TASK OBJECTIVE: In the data below, find the line with "3800 Sq Ft Mediterranean" and the line with "Mother's Day Sale", then restate both and every line between them exactly, minus the pictures.

AVAILABLE DATA:
--- --- ---
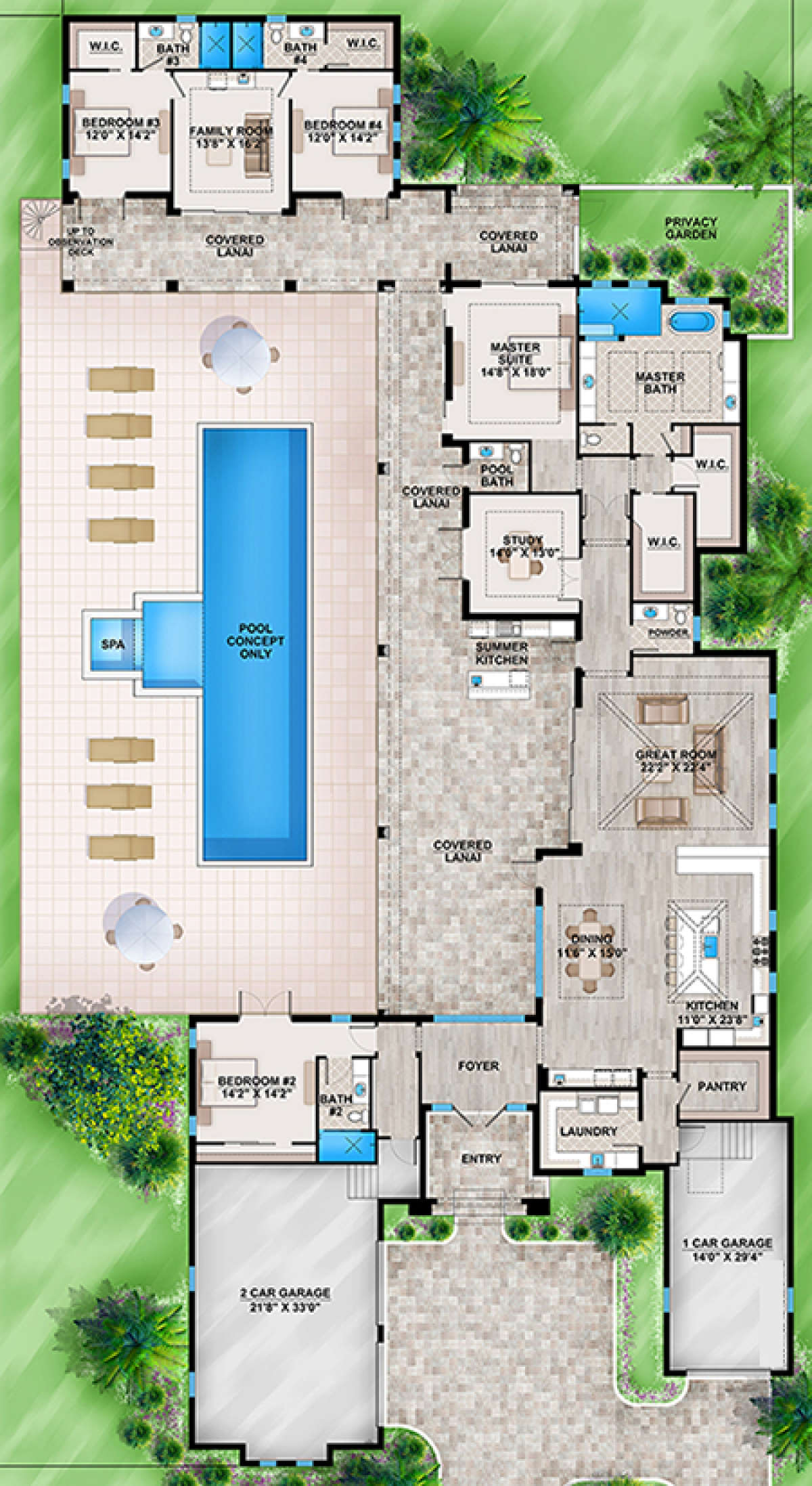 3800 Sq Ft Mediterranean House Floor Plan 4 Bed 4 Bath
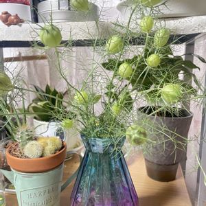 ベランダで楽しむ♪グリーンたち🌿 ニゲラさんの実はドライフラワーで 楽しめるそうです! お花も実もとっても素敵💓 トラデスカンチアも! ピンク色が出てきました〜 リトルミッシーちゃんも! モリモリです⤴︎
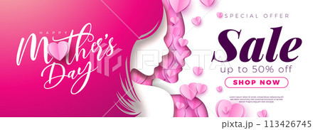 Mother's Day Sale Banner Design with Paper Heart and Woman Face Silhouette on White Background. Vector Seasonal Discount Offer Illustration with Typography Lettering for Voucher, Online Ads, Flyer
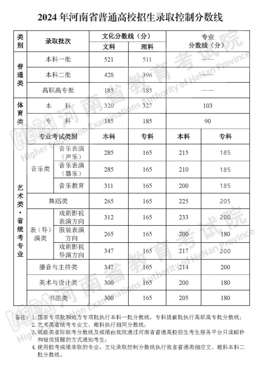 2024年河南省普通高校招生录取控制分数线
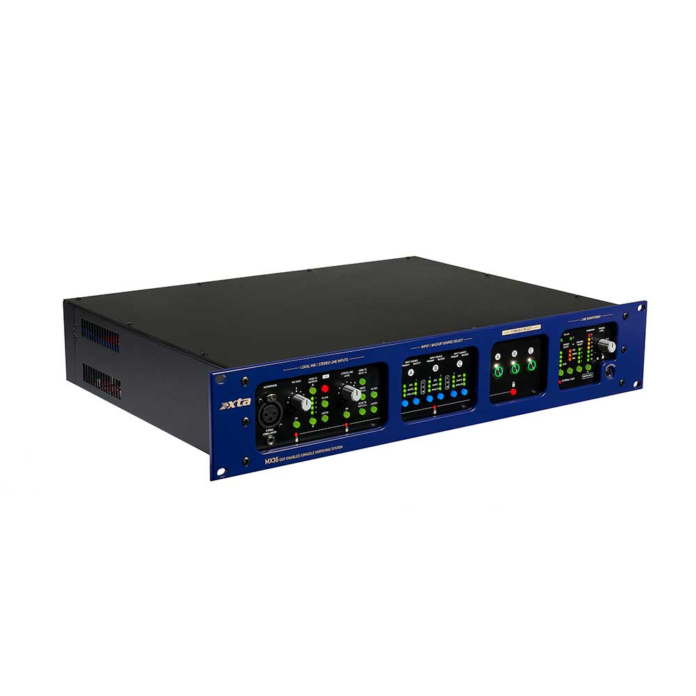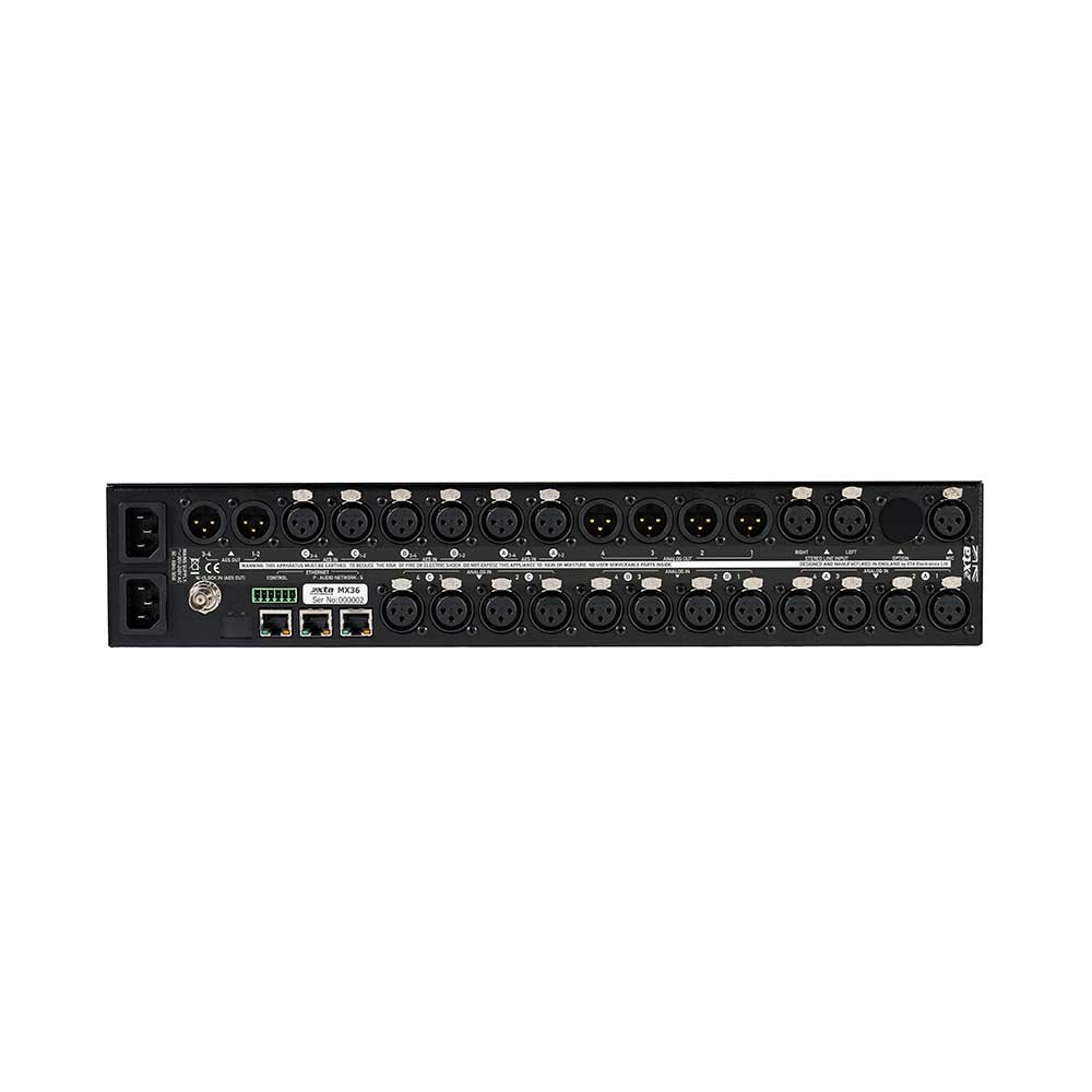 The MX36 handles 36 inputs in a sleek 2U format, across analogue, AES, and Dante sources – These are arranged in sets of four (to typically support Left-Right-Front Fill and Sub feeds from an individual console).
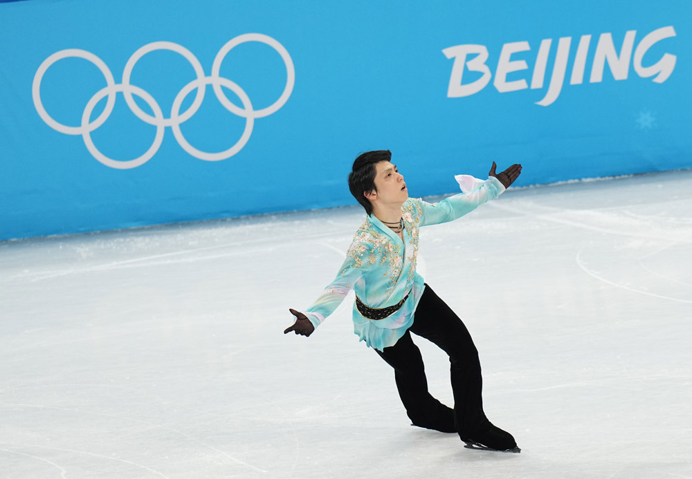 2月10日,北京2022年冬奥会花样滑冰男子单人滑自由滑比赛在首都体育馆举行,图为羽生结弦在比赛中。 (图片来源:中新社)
--- --- ---
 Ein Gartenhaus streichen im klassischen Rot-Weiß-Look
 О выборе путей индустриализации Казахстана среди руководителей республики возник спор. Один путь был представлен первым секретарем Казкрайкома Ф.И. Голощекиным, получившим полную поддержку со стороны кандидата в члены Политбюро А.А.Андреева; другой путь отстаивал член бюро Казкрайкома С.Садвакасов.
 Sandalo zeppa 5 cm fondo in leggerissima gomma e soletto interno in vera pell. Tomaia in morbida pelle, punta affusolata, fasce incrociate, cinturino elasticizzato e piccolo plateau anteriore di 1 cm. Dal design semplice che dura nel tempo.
--- --- ---
ANSWER BELOW:
 3800 Sq Ft Mediterranean House Floor Plan 4 Bed 4 Bath
 ベランダで楽しむ♪グリーンたち🌿 ニゲラさんの実はドライフラワーで 楽しめるそうです! お花も実もとっても素敵💓 トラデスカンチアも! ピンク色が出てきました〜 リトルミッシーちゃんも! モリモリです⤴︎
 Mother's Day Sale Banner Design with Paper Heart and Woman Face Silhouette on White Background. Vector Seasonal Discount Offer Illustration with Typography Lettering for Voucher, Online Ads, Flyer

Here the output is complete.